Two modes of AI activity are pushing the limits of data center fabrics, driving the need for next-gen testing
“Connectivity is becoming the lynchpin for AI scaling,” said Stephen Douglas, Head of Market Strategy, Spirent, at the recent RCR AI Infrastructure Forum.
For years, the network fabric inside data centers were built for relatively predictable traffic flows. Testing this infrastructure required validating performance against those known patterns and loads. But as AI takes over, its rewriting the rules of testing.
Atypical behavior
“Traditionally, [data center networks] have been designed for high-performance compute architectures. You’re now seeing them evolving from that traditional three-tier fat tree topology to a more streamlined and efficient dedicated back-end architecture,” said Douglas.
The new two-tier spine-leaf architecture is flatter, more streamlined than the Clos network topology, and therefore requires fewer hops, reducing latency. This provides consistent high-level throughput and lossless communication — all in all a better fit for AI.
“This is [required] due to the radically different traffic being generated by workloads,” Douglas said. “AI workloads generate highly parallel bidirectional and bandwidth-intensive flows with very very strict latency and synchronization requirements.”
In classical environments, traffic patterns are largely deterministic. Engineers can anticipate where congestion could occur and rightsize the network accordingly to avoid bottlenecks. By contrast, AI training and inferencing introduce dynamic and non-deterministic communication flows. These are characterized by massive burstiness and latency sensitivity.
Owing to continuous and distributed server-to-server communication, AI training is highly east-west intensive. Transferring massive datasets requires ultra-high throughputs and zero packet-loss.
“Even minor losses can disrupt synchronization and actually degrade the accuracy of the whole training process,” Douglas said.
Inference traffic is equally demanding, but in a slightly different way. It requires high connection rates and concurrency to support the millions of devices and applications querying the AI models in real time. “The transaction volumes and sizes vary widely depending on the complexity of each request, leading to bursty and unpredictable intensity spikes,” he noted.
These kinds of data exchanges between compute nodes often trigger issues like inefficient GPU utilization, training integrity issues, buffer overflow, and reduced throughput leading to slow response times.

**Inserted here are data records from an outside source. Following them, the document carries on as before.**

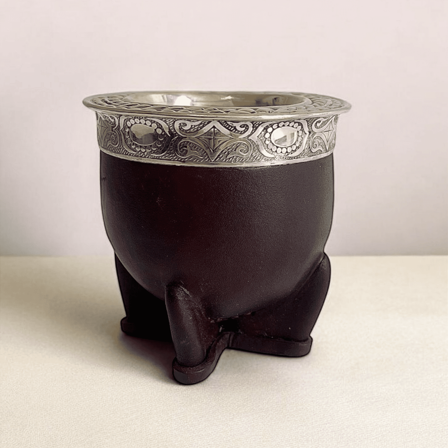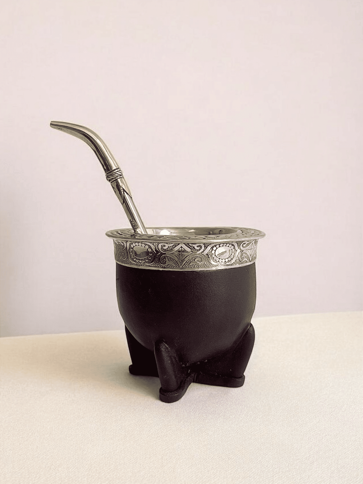 Ce modèle impérial se distingue par une calebasse extra épaisse d’origine brésilienne, recouverte de cuir de vachette marron, et renforcée d’une virola en alpaca finement gravée à la main. Chaque pièce est le fruit d’un travail minutieux réalisé par un artisan argentin, garantissant un objet aussi solide que raffiné.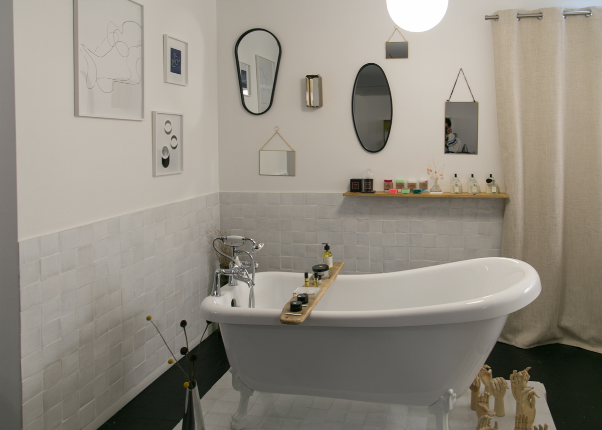Mặc dù chưa có nhiều thương hiệu, trong cửa hàng TOM GREYHOUND vẫn còn một không gian trưng bày độc đáo với một bồn tắm, nơi này được sử dụng để trưng bày không gian cho các sản phẩm thiết kế và làm đẹp.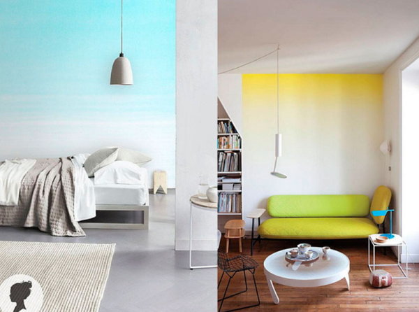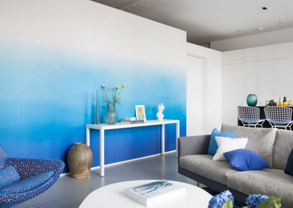 Если было принято решение менять цветовую концепцию в помещении основательно, то омбре – лучший помощник и советчик. Это лучшее спасение от серости и банальности. Благодаря такому дизайнерскому ходу вам удастся визуально поднять потолки и сделать комнату колоритнее. При правильном подборе оттенков вы сможете поселить в комнате атмосферу нескончаемой сиесты, в которую вы будете радостно возвращаться после тяжелого трудового дня.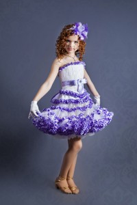Мини платье с темно-фиолетовой лентой, корсет драпированный и украшенный розовым бантиком.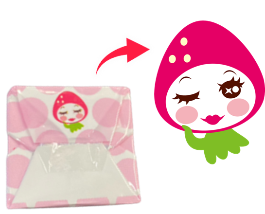 デザインは、キャラクターの口が「り」「ん」「ご」になっています。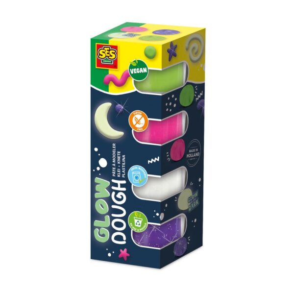 Feel good dough! SES dough in four Glow in the Dark colours. dough that makes you feel good! The dough is completely vegan, gluten-free and super washable. It is bright and soft. And the resealable packaging keeps your dough fresh for longer. Finished with the dough? Scan the QR code on the packaging and discover what else you can do with the packaging! The Feel Good Glow dough comes in the Glow in the Dark colours green, pink, white and purple.
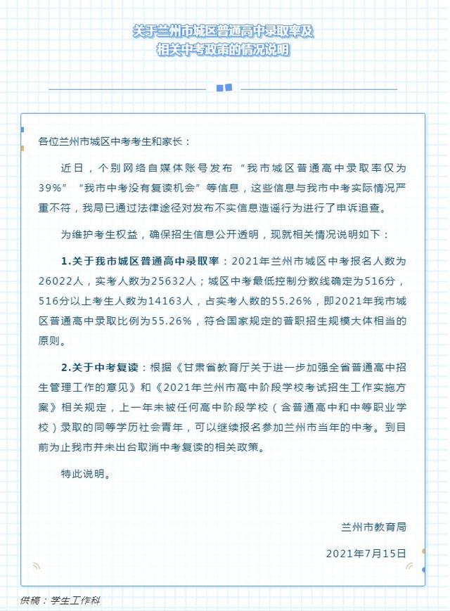 2021-07-16 11:16:23閱讀()蘭州市教育局7月16日電 蘭州市教育局15日在官方微信公眾號(hào)上發(fā)布《關(guān)于蘭州市城區(qū)普通高中錄取率及相關(guān)中考政策的情況說(shuō)明》稱,近日,個(gè)別網(wǎng)絡(luò)自媒體賬號(hào)發(fā)布“蘭州市城區(qū)普通高中錄取率僅為39%”“蘭州市中考沒(méi)有復(fù)讀機(jī)會(huì)”等信息,這些信息與蘭州市中考實(shí)際情況嚴(yán)重不符,蘭州市教育局已通過(guò)法律途徑對(duì)發(fā)布不實(shí)信息造謠行為進(jìn)行了申訴追查。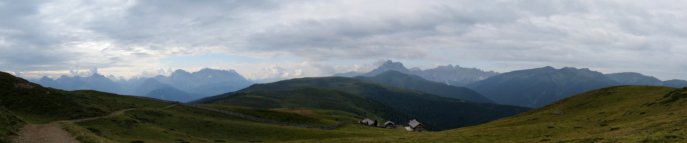 Breitbildfoto von der Alpe di Luson mit Blick Richtung Peitlerkofel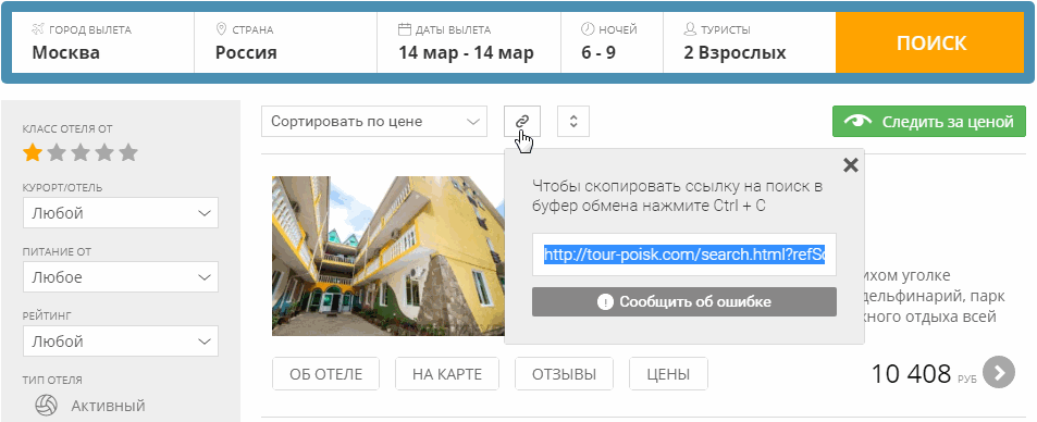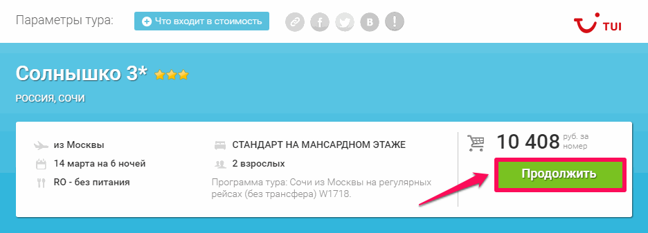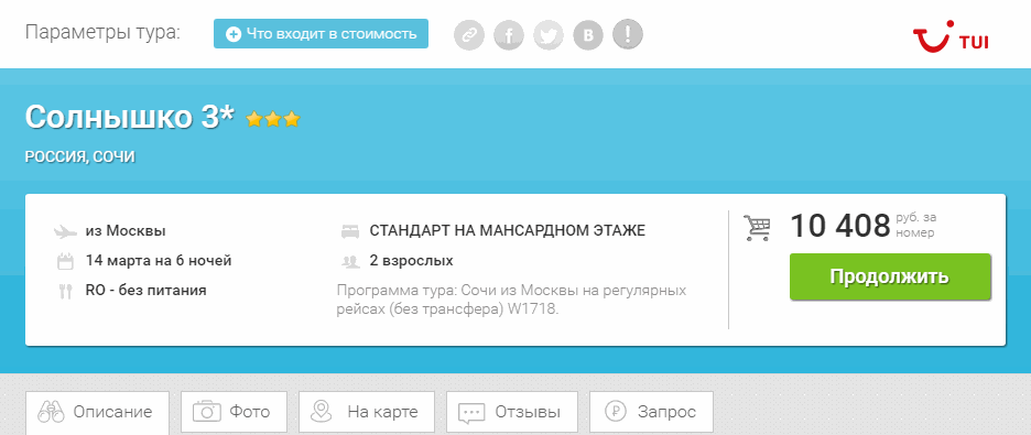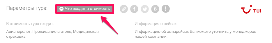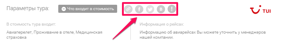 Обратите внимание, что правее от кнопки "Что входит в стоимость" Вы увидите возможность скопировать прямую ссылку на тур или поделиться ей в социальных сетях, таких как Facebook, Twitter, ВКонтакте.

A more rigorous testing approach
The biggest Achilles heel in the data center architecture today is connectivity. “Connectivity is becoming the lynchpin for AI scaling,” Douglas said.

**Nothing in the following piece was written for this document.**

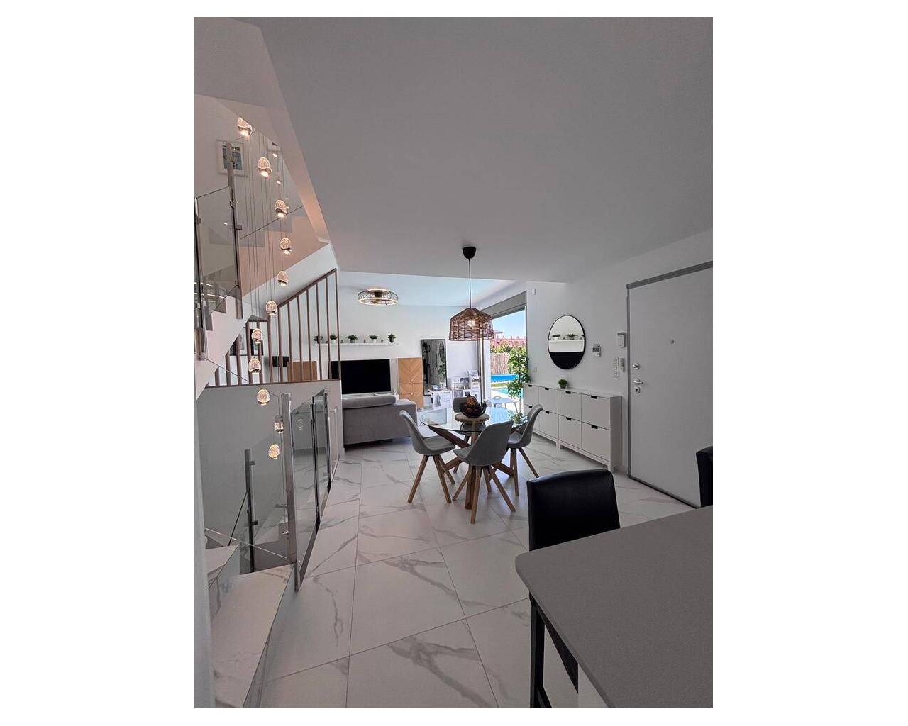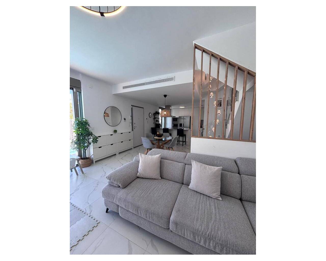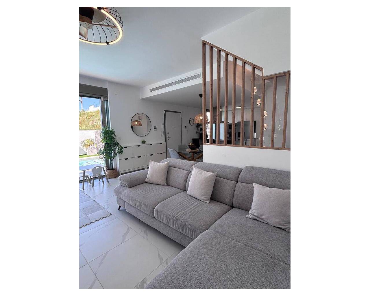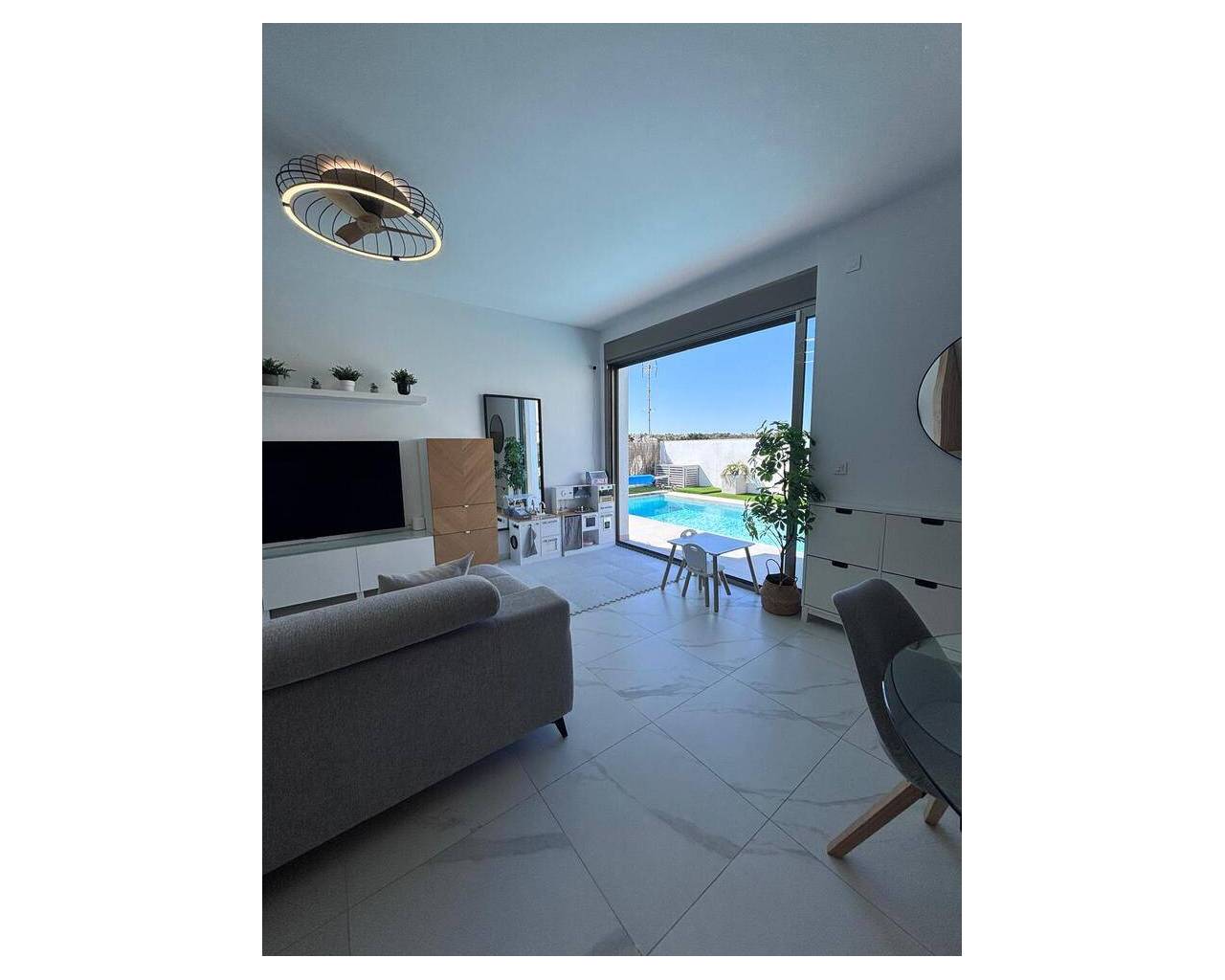 Beautiful 5-Bedroom Contemporary Villa with Heated Pool This stunning southwest-facing corner plot villa offers modern luxury, generous space, and beautiful views, making it the perfect home for both permanent living or holidays in the sun. The property features 5 spacious bedrooms, 3 bathrooms and a guest WC, all designed with comfort and practicality in mind. The main bedroom boasts a stylish ensuite bathroom and walk-in wardrobe, while the additional bedrooms include built-in wardrobes, providing excellent storage throughout. At the heart of the home is a large open-plan kitchen and living area, creating a bright and sociable space ideal for family living and entertaining. The villa benefits from hot and cold air conditioning, ensuring year-round comfort. Outside, the beautifully designed garden offers everything you need to enjoy the Mediterranean lifestyle. The private heated swimming pool is surrounded by sunbathing areas as well as comfortable shaded seating spaces, perfect for relaxing or hosting guests. There is also a children's play area, making it ideal for families. The villa sits on a desirable corner plot with southwest orientation, allowing you to enjoy sunshine throughout the day and spectacular views from both the garden and balcony. Additional features include private parking for two cars, a practical utility area, and a spacious underbuild which provides two additional bedrooms, a bathroom with shower, offering flexible accommodation for guests or extended family. The property is sold fully furnished and has been finished with high-quality silicone exterior paint, providing durability and a fresh modern appearance. A truly exceptional home combining space, style, and breathtaking views

To address the challenge, Douglas argues that testing is a critical enabler of this fabric.
As AI clusters scale to hundreds and thousands of GPUs and specialized accelerators, testing performance of the Ethernet fabric, its interconnects, and the behavior of RoCEv2, ensures that the fabric can feed data to the GPUs at high speed. Additionally, benchmarking provides insight into metrics, like the fabric’s throughput loss, congestion response, and support for microburst behaviors of AI workloads.
Performance testing of collective communication libraries that implement various collective and point-to-point communication routines for multi-GPU and multi-node training is important to ensure that scaling or convergence times are not adversely impacted.
A big part of effective network management is congestion control that ensures that data flows seamlessly without overloading the network. Validating the network under heavy and bursty loads is critical to preventing buffer overrun.
Other important areas where testing is essential are job completion times (JCT) and tail latency. “They reveal the real business impacts since overall progress in the training is gated by the slowest GPU worker in that sync cycle,” he said.
Lastly, for AI’s east west traffic, encryption is a critical component. Douglas recommends testing to ensure that cryptography overheads do not impact the effective bandwidth of the fabric or add to the GPU training and inference times.
There was a time in the not too distant past when hyperscaler data centers were the primary bastion of AI infrastructure buildouts. As AI trickles through industries, that world is fast changing, giving way to a market where smaller, specialized cloud providers like neoclouds and sovereign AI factories play strong supporting characters in the AI supercycle. In this new reality AI workloads live across many networks, making testing the new imperative across infrastructures.
“One thing is clear from the early implementations of the AI architectures is that AI traffic is fundamentally different from conventional network traffic, and this is a big reason why testing is so critical,” Doughlas said.